Spiced banana almond smoothie

One food that I’ve been incorporating into my diet every day is fresh ginger.  Before I started researching anti-inflammation foods, I’d never used fresh ginger in a smoothie.  I’ve used it countless times in meals as it’s one of my favorite flavors, but never in a smoothie.  Now I’m kind of obsessed.  I think I had this pineapple-ginger smoothie with my lunch for a week straight.  It’s strong, but oh-so-good.

Even if you don’t need the anti-inflammation benefits of fresh ginger (but really, who doesn’t?), it boasts a whole bunch of other health benefits.  Fresh ginger is great for nausea (I drank ginger drinks a lot when pregnant), is said to help keep blood-sugar steady, improves the absorption of essential nutrients, and can increase energy.  I’ve noticed after having a smoothie with fresh ginger for lunch I don’t have my usual dip mid-afternoon energy slump, so it works for me!

This spiced banana almond smoothie is a lovely blend of sweet and spicy.  The fresh ginger adds a little bite, but the almond and banana flavor are still able to shine.  Banana and almond is a classic smoothie combination, but adding fresh ginger and cinnamon take it in a different direction and give it a fresh and fun flavor profile.

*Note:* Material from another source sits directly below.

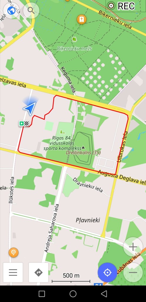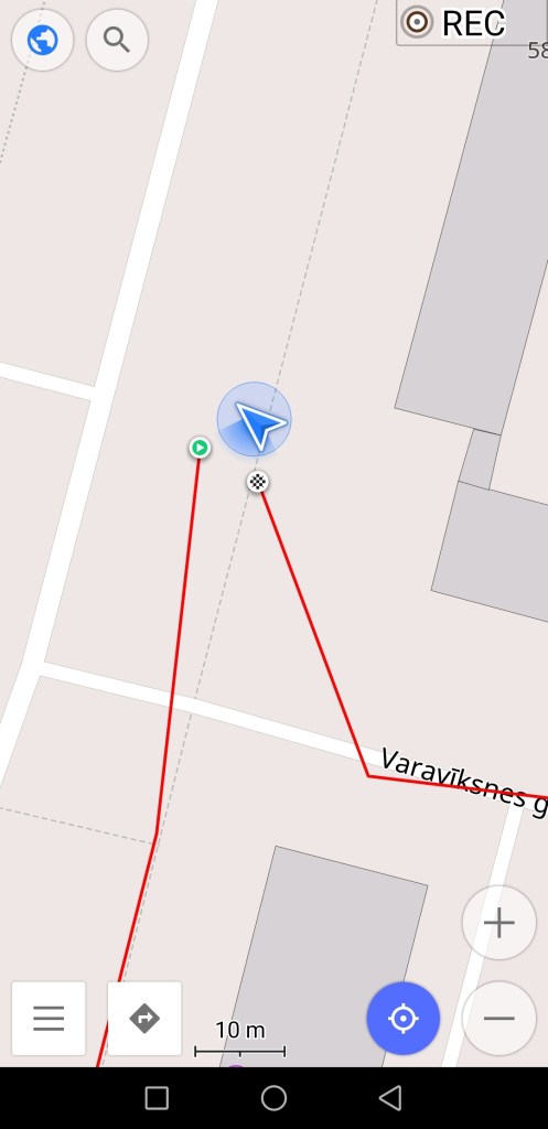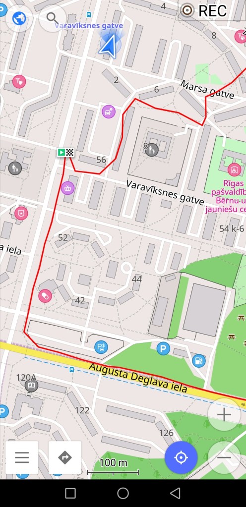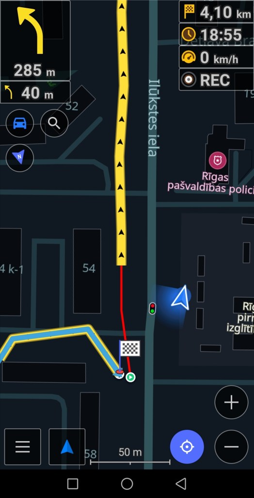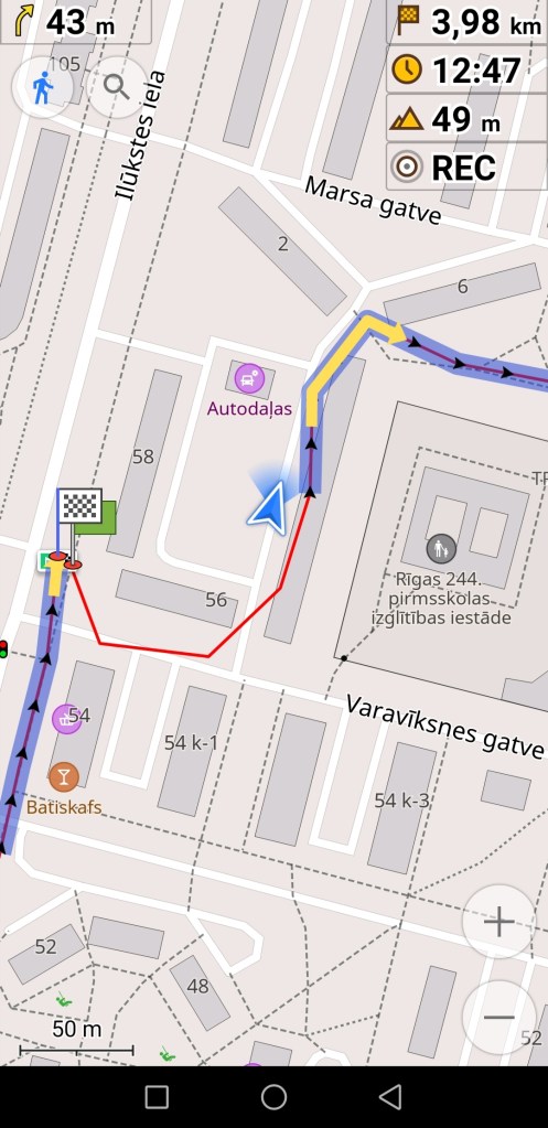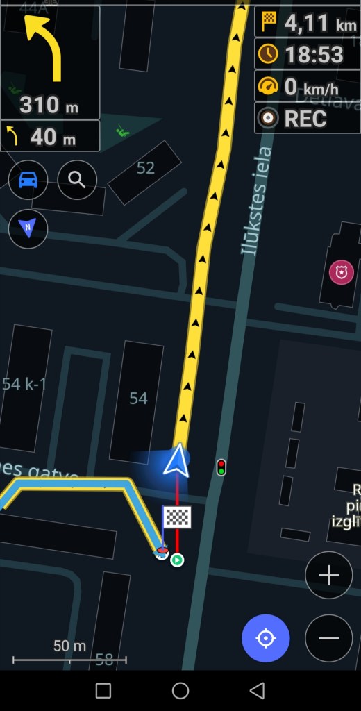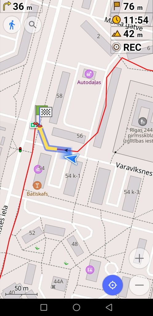 Attēlā uz gaiši pelēkā fona ir navigācijas attēlojums kājāmgājēja režīmā. Šajā gadījumā, lai kādā virzienā jūs grieztos, aplikācijā karte paliks statiska – negriezīsies līdzi jūsu kustības virzienam. Attēlā uz tumši pelēkā fona ir navigācijas attēlojums auto braukšanās režīmā. Šajā gadījumā aplikācijā karte kustēsies līdzi jūsu kustības virzienam (tieši tāpat kā navigācija aplikācijā Waze). Attēlos dažus metrus jau esmu pagājusi pa maršrutu, tur līnija palikusi sarkana. Kājāmgājēja maršrutā var redzēt, ka mana atrašanās vieta nav tieši uz līnijas, taču aplikācija uzskata, ka to posmu tieši tur blakus esmu nogājusi. Kā rakstīju iepriekš, gan jūsu atrašanās vietai, gan maršrutam var būt dažu metru kļūda. Šajā gadījumā maršruta līnija pat ir nedaudz virs daudzdzīvokļu mājas, kas nav loģiski. Vizuālam piemēram ir nākamais attēls, kur var redzēt, kas notiek, ja atrodaties jau tālāk no maršruta.

As you can probably tell from the pictures, this is not a super thick smoothie.  Sometimes I’m in the mood for a thick, creamy smoothie, other times I really want one that is on the thinner side. For a creamier smoothie, use frozen bananas.  You could even add an extra banana or reduce the water/milk if you want it extra thick.  I love this smoothie as-is, though.  It is light and refreshing, yet has enough protein to be quite filling.  I hope you enjoy it as much as I do!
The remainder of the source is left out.